And that's by design. The whole philosophy of PLC programming, going back to the original Modicon 084 in 1969, is that the control engineer should not need to know anything about the underlying computer. You program in ladder logic, which looks like electrical schematics, because the target user was an electrician who understood relay circuits, not a software developer who understood C. That philosophy has persisted. The Siemens TIA Portal, the Rockwell Studio 5000, the Codesys IDE — they all present a world where you're programming a "controller," not a computer running an operating system.
It's the ultimate abstraction. The OS is someone else's problem.
Until it isn't. Until you need to do something the abstraction doesn't cover. Until there's a vulnerability in the runtime and you need to understand what's actually happening. Until you're trying to integrate a PLC with a modern DevOps pipeline and suddenly you're staring at firmware versions and kernel configurations. The abstraction leaks.
That's the moment when an industrial controls engineer discovers they've been a systems programmer all along and nobody told them.
It's happening more and more. The convergence of IT and OT means that the traditional walls are crumbling. You've got PLCs with embedded web servers, with OPC UA endpoints, with MQTT clients, with REST APIs. These are not relay replacements anymore. They're network-connected computing devices that happen to have screw terminals on the front. And the people managing them increasingly need to understand both worlds.
Let's talk about the real-time guarantee for a second, because that's the thing that separates all of these from a Raspberry Pi running Python. What does "hard real-time" actually mean in practice for a PLC?

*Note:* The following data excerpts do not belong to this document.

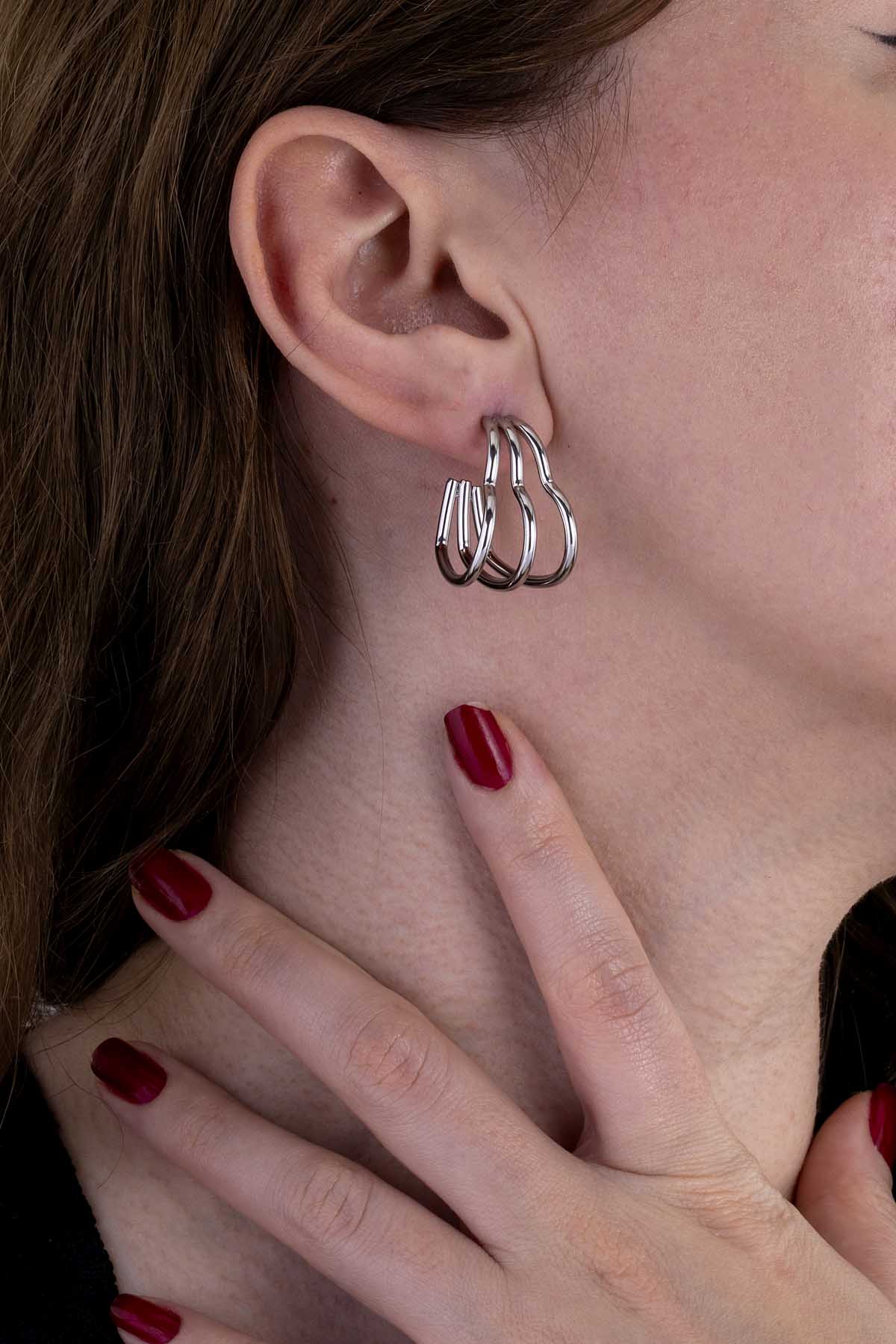 Üçlü kalp formunda tasarlanan beyaz altın kaplama çelik kadın küpe; modern, zarif ve dikkat çekici bir görünüm sunan şık bir aksesuardır.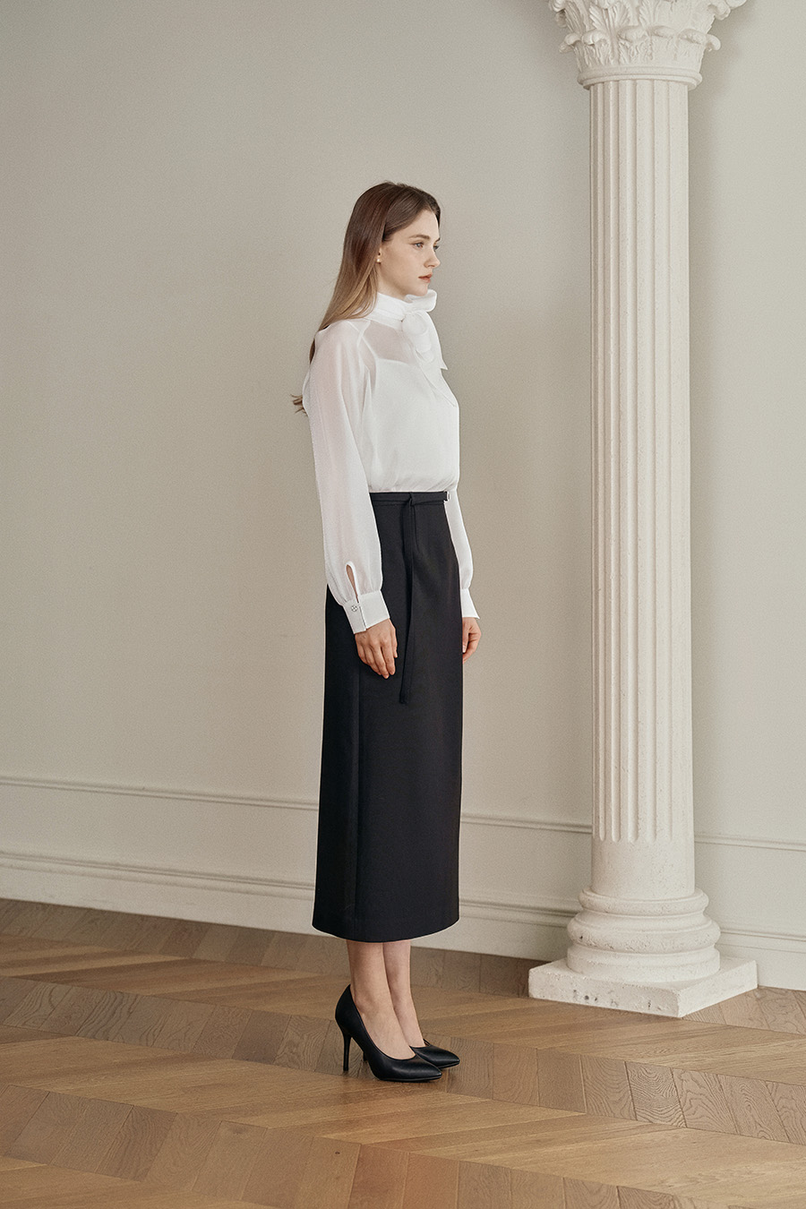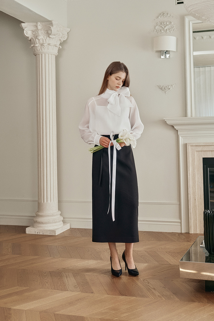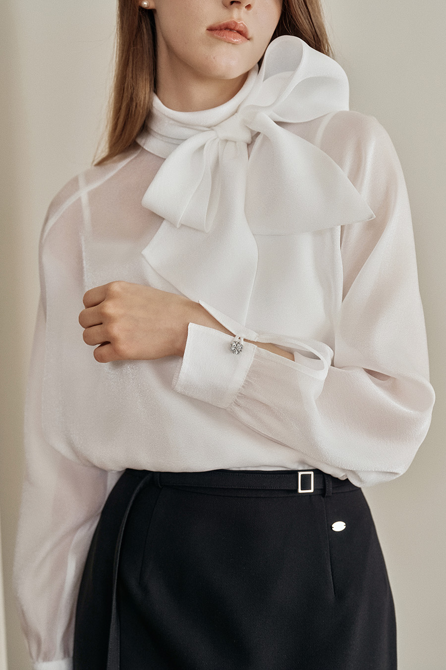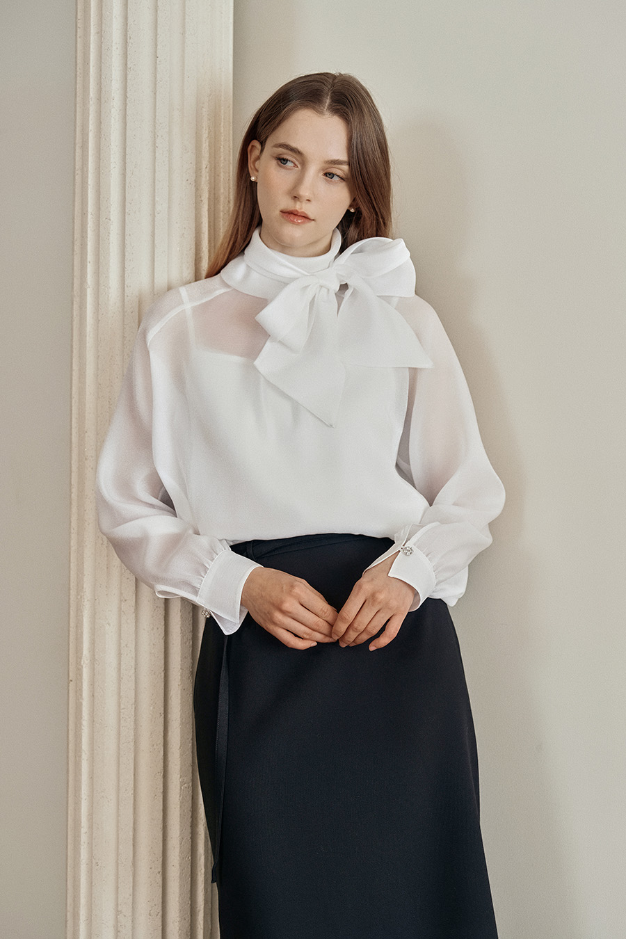 은은한 펄이 더해진 페미닌한 무드의 타이 블라우스입니다.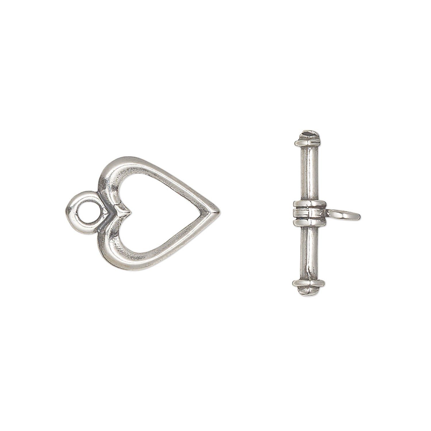 Clasp toggle 1pkg1 sterling silver, 13x11.5mm heart, antiqued JBB Findings 1-strand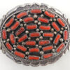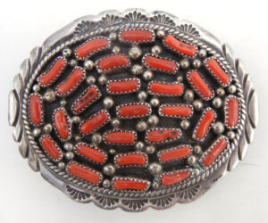 A cluster of multiple beautiful red coral pieces rests at the center of this traditional Navajo belt buckle. Each stone is set in a sawtooth sterling silver bezel and separated by one or multiple applique sterling dots. The cluster of coral is encased by a thin sterling rope pattern, followed by a sterling band stamped with scallop patterns and curved lines. 3″ long x 2 1/2″ wide. Fits belt size 1 5/8″.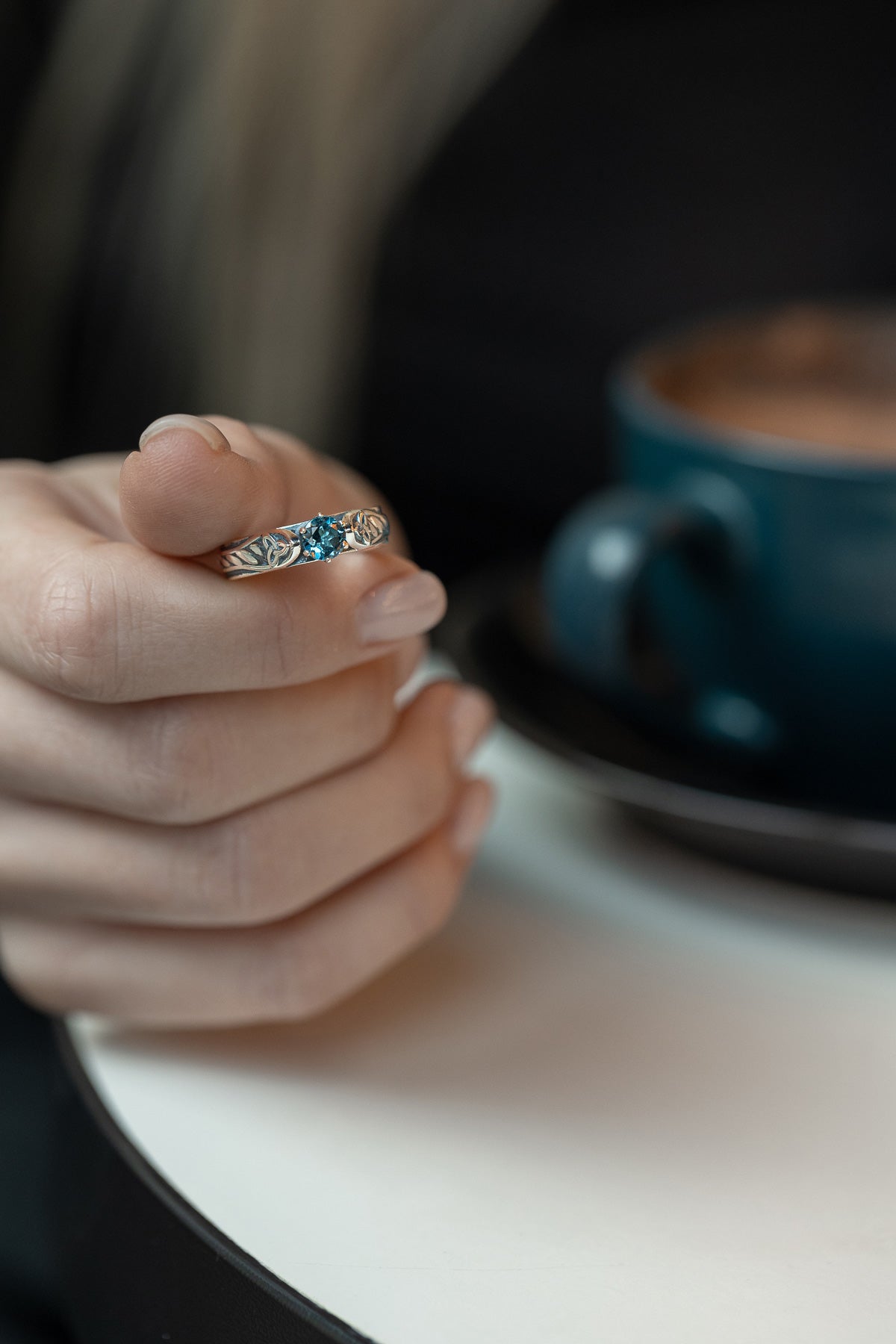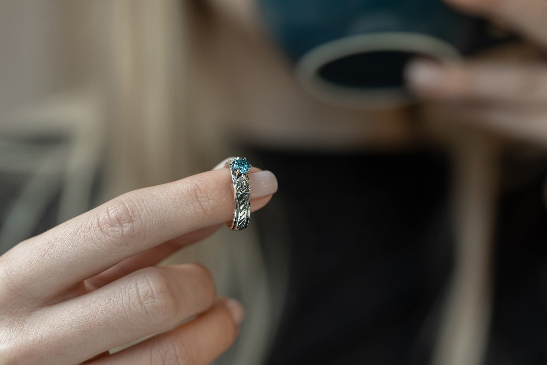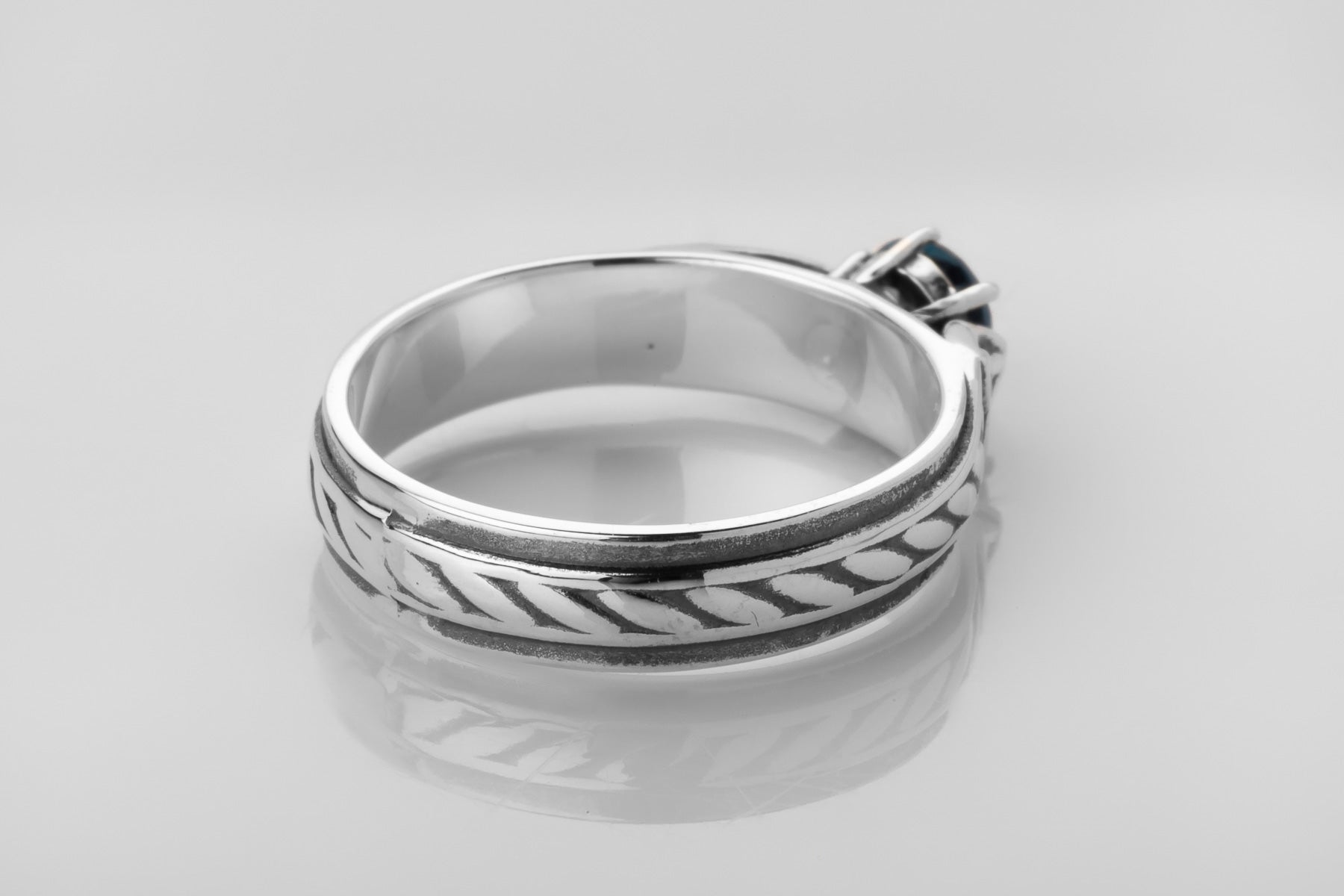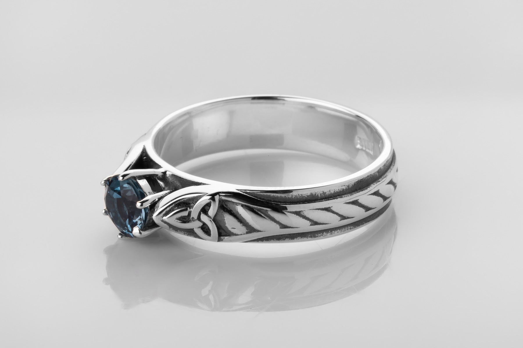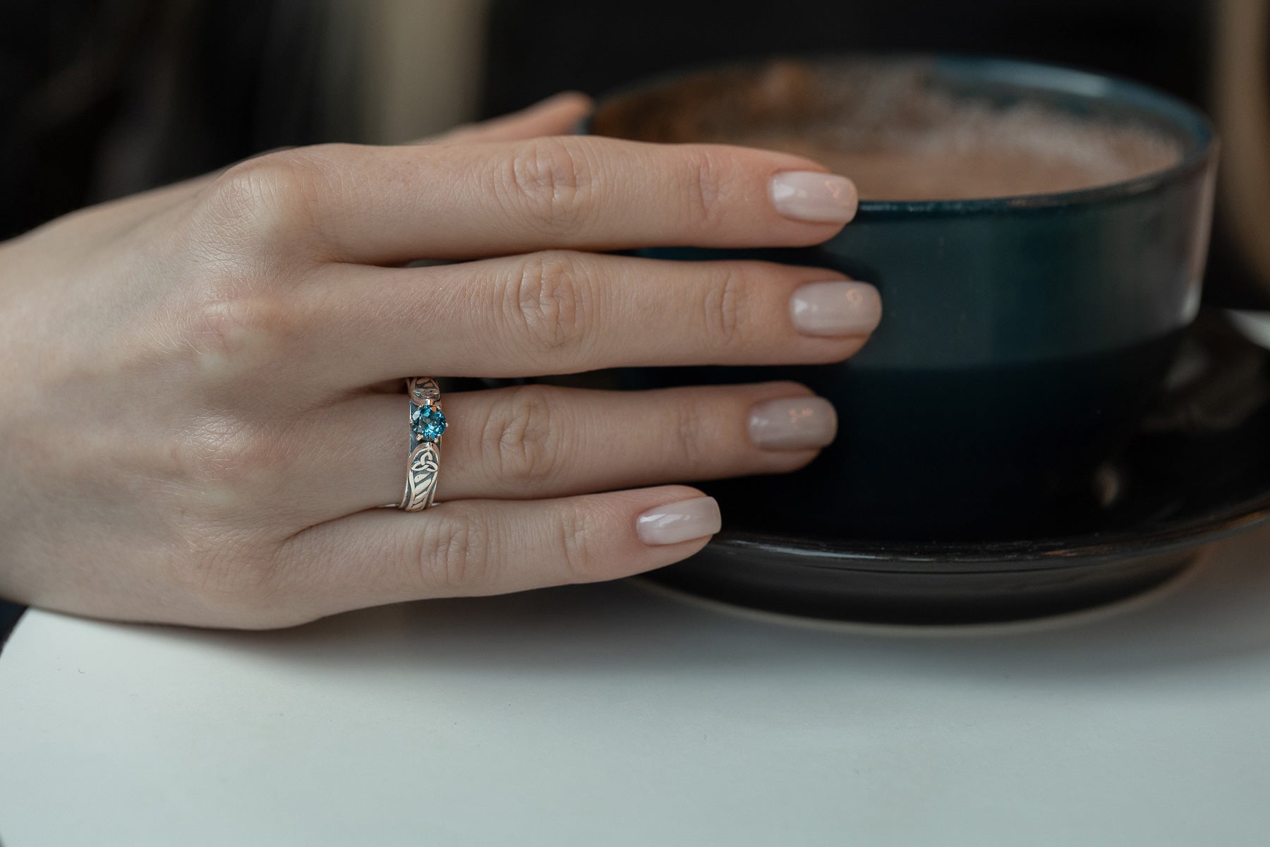 Its intricate design adds elegance and meaningful detail to this sterling silver ring, accented with a vibrant blue London Topaz.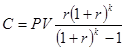 Пусть в начале года фирма произвела инвестицию (или получила ссуду) в размере PV по номинальной процентной ставке r. В конце первого года и в конце всех последующих k лет сделки фирма получала прибыль (или делала выплаты) не одинаковыми платежами Ci. Года 1, 2, …, i,…, k. Платежи в конце года C1, C2, …, Ci, …, Ck.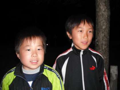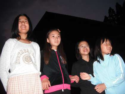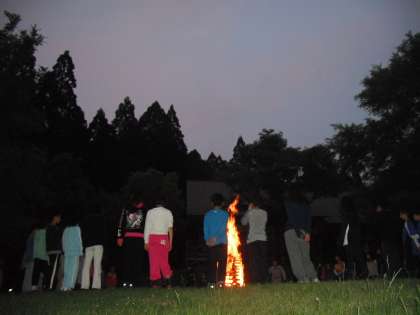 子どもたちから「キャンプファイアーでは運動会の時の曲を歌いたい」とリクエストがあったそうです。で,今歌っているのは「学園天国」です。

It means the system can guarantee that a specific task will complete within a specific time window, every single time, no exceptions. A typical PLC scan cycle works like this: read all the inputs, execute the control program, write all the outputs, handle communication, repeat. That cycle has a deadline. For a motion control application, that deadline might be one millisecond or even less. If you miss the deadline, the physical process goes wrong — the motor overshoots, the valve doesn't close in time, the robot arm drifts out of position.
A general-purpose OS like Windows or standard Linux can't make that guarantee because the scheduler might decide to run a disk defragmentation or a virus scan at exactly the wrong moment.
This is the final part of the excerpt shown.